Rickiopora

Scientific classification
- Kingdom: Fungi
- Division: Basidiomycota
- Class: Agaricomycetes
- Order: Polyporales
- Family: incertae sedis
- Genus: Rickiopora (Rick) Westphalen, Tomšovský & Rajchenb. (2016)
- Type species: Rickiopora latemarginata (Rick) Westphalen, Tomšovský & Rajchenb. (2016)
- Synonyms: Daedalea latemarginata Rick (1960); Ceriporiopsis latemarginata (Rick) Rajchenb. (1987); Antrodiella angulatopora Ryvarden (1987);

= Rickiopora =

Genus of fungi

Rickiopora is a fungal genus of unknown familial placement in the order Polyporales. The genus is monotypic, containing the single neotropical species Rickiopora latemarginata.

==Taxonomy==

Rickiopora latemarginata was first characterized by Johannes Rick, who called it Daedalea latemarginata. Mario Rajchenberg proposed a transfer to genus Ceriporiopsis in 1987. In collaboration with Mauro Westphalen and Michal Tomšovský, Rajchenberg circumscribed the new genus Rickiopora in 2016 to contain the fungus. The generic name honours Johannes Rick.

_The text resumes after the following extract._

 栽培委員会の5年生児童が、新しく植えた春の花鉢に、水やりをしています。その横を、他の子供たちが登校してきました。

The fungus Antrodiella angulatopora, described from Venezuela by Leif Ryvarden in 1987, was later determined by Rajchenberg to be synonymous with Ceriporiopsis latemarginata.

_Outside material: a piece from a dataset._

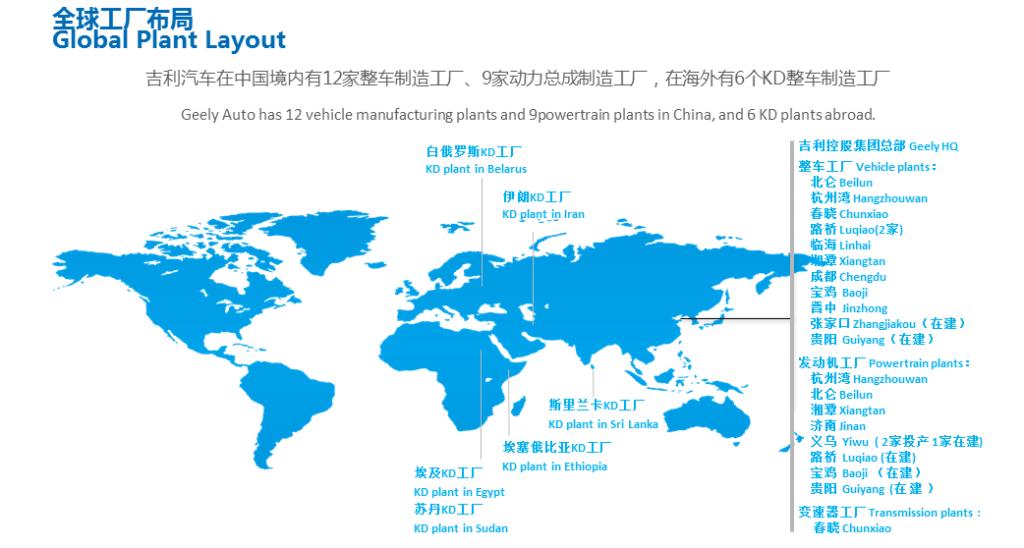 吉利控(kong)股集團(tuan)在中(zhong)國上海、杭州(zhou)、寧波(bo),瑞典哥德堡、英國考文垂、美國加州(zhou)、德國法蘭克福(fu)等地建有造型設計和工程研發(fa)中(zhong)心,研發(fa)、設計人員超過2萬人,擁有(you)國(guo)內外有(you)效專利超1.4萬項。在中國(guo)、美國(guo)、英國(guo)、瑞典(dian)、比(bi)利時、馬(ma)來(lai)西亞(ya)建有(you)世界一流的現代化(hua)整車和動力總成制造工廠,擁有(you)各(ge)類銷售網點超過4000家(jia),產品銷售及服務網絡遍(bian)布世界各(ge)地。

Rickiopora groups phylogenetically in the "residual polyploid clade", but is distinct from all other polypore genera found in this clade and so has not been assigned to any specific family of the Polyporales.

==Description==

A combination of characteristics found in Rickiopora distinguish it from other polypore genera. It has fruit bodies that become corky to tough and brittle when dried. The hyphal system is monomitic, consisting of clamped and metachromatic generative hyphae (staining a reddish purple when mounted in cresyl blue), and thick-walled hyphae with sparse clamps. The spores are ellipsoid to ovoid, measuring 11–16 by 4–7 μm. Rickiopora features both a bipolar mating system, and astatocenocytic nuclear behaviour.